HUSH… Help Us Support Healing.
This motto lets staff, visitors and patients know about the new Quiet Campaign at the University of Iowa Hospitals & Clinics (UIHC). A hospital can be a noisy place, but it doesn’t have to be. At UIHC we identified “quietness” as an opportunity for improvement, according to our patient satisfaction survey results. In response to our patients’ comments, we put together a multidisciplinary workgroup last fall and began figuring out a solution. For the past six months, our group implemented interventions we believe will successfully lower noise levels and improve “quietness” at UIHC.
The noise: Here’s what we’re doing about it…
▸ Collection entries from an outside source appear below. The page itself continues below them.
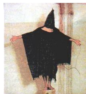
imagen 4: Acoso electrónico es lo mismo – sólo invisible

"... el terrorismo del estado comienza a funcionar en este momento cuando las clases que rigen ya no pueden efectuar sus negocios. En nuestros países no habría tortura, si no fuera eficaz, y la democracia tendría continuación, si pueda garantizar que los poderosos no pierdan el control .... La población se convirtió de un momento a otro en el enemigo "interior". Cada indicio de vida, sea protesta o también sólo duda, significa por la vista de la doctrina militar y de la seguridad nacional un desafío peligroso. Así creaban mecanismos complicados para prevención y castigo. Atrás de la apariencia está escondida una razón profunda. Para que funcione eficazmente, la represión tiene que aparecer arbitraria. Aparte del respirar cada actividad humana puede ser un delito ... De esta manera el pánico por la tortura difunda en la población entera paralizando como un gas que invade las casas y se introduce furtivamente en el seso de todos los ciudadanos ... No hay cadáveres ni responsables. Así son los líderes de las matanzas – siempre officiosos, jamás oficial – seguros de cada castigo, y así difunda el miedo colectivo tanto más rápido. Cada crimen llega a una incertidumbre angustiada de los parientes de la víctima y es al mismo tiempo una advertencia para los otros. El terrorismo del estado se propuso paralizar a la población completa por miedo." 4
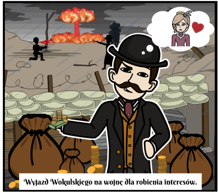
Wyjazd Wokulskiego na wojnę dla robienia interesów.
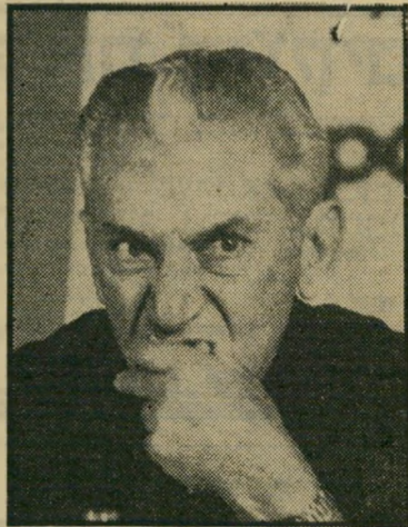
חיים בר-לב מדהיר מחיר

ספק רב אם עקרות-הבית המבקשות לקנות בשר תרנגולי הודו, ונדהמות כאשר יודעות מהן 100 ל"י לק"ג חזה הודו, גבוה זה למי ששימש בשעתו שר המיס-חר והתעשייה, ח"כ המערך חיים בר-לב.

- Out with the old and in with the new!
We replaced dated signage with new HUSH posters featuring UIHC staff. The posters—displayed on every inpatient unit and hallway flat-screen dashboards—show specific staff from that unit. Featured staff include nurses, nursing assistants, unit clerks and physicians. We hope to catch people’s attention and also highlight our own staff as supporters of the program.
- Standard quiet times
All inpatient units now follow a standard quiet time from 12:30 p.m. to 2 p.m. every day. Our goal for this designated time period is to promote rest and relaxation. During quiet time, units dim their lights, reduce patient stimuli and use softer tones when speaking with colleagues or others. To ensure we maintain our high standards of care, we don’t postpone tests or treatments during this time. However, we do expect staff to bundle their services around this 90-minute quiet time in an effort to minimize interruptions for the patient.
- Alarm sound levels
Many different types of alarms regularly sound on an inpatient unit, including infusion pumps, vital sign monitors, call lights, bed alarms and pneumatic tube station alerts. We re-educated staff on how to better control the sound levels of these alarms. We also lowered by one level the infusion pump default sound and showed staff how to alter the alarm sound level when possible. In addition, we educated staff about appropriate EKG lead placement to prevent unnecessary vital-sign monitor alarms. Staff also learned how to change noise levels on pneumatic tube station alarms, especially during the overnight hours.
- Quiet TV channel
The Quiet TV channel provides patients and visitors with ideas to enhance rest. The channel also informs patients of resources we provide to help promote rest—sleep masks and ear plugs—and reviews all of our initiatives in place to help support healing.
- Scripting for staff
Several factors contribute to the noise in a hospital. However, people tend to be the largest cause of the noise. We encouraged our staff to hold each other accountable for maintaining lowered voices and holding group conversations in workroom areas. We also shared the following guidance with staff: “We are committed to providing a restful and healing environment. Please speak softly at the nurse’s station, in hallways, pods and consider having team discussions in conference rooms/other rooms on the clinical units/areas.”
When first forming our workgroup, we simultaneously started to raise awareness about quietness at UIHC. We already see an improvement in our patient satisfaction scores. With our Quiet Campaign fully implemented, we expect to see even more progress over upcoming months.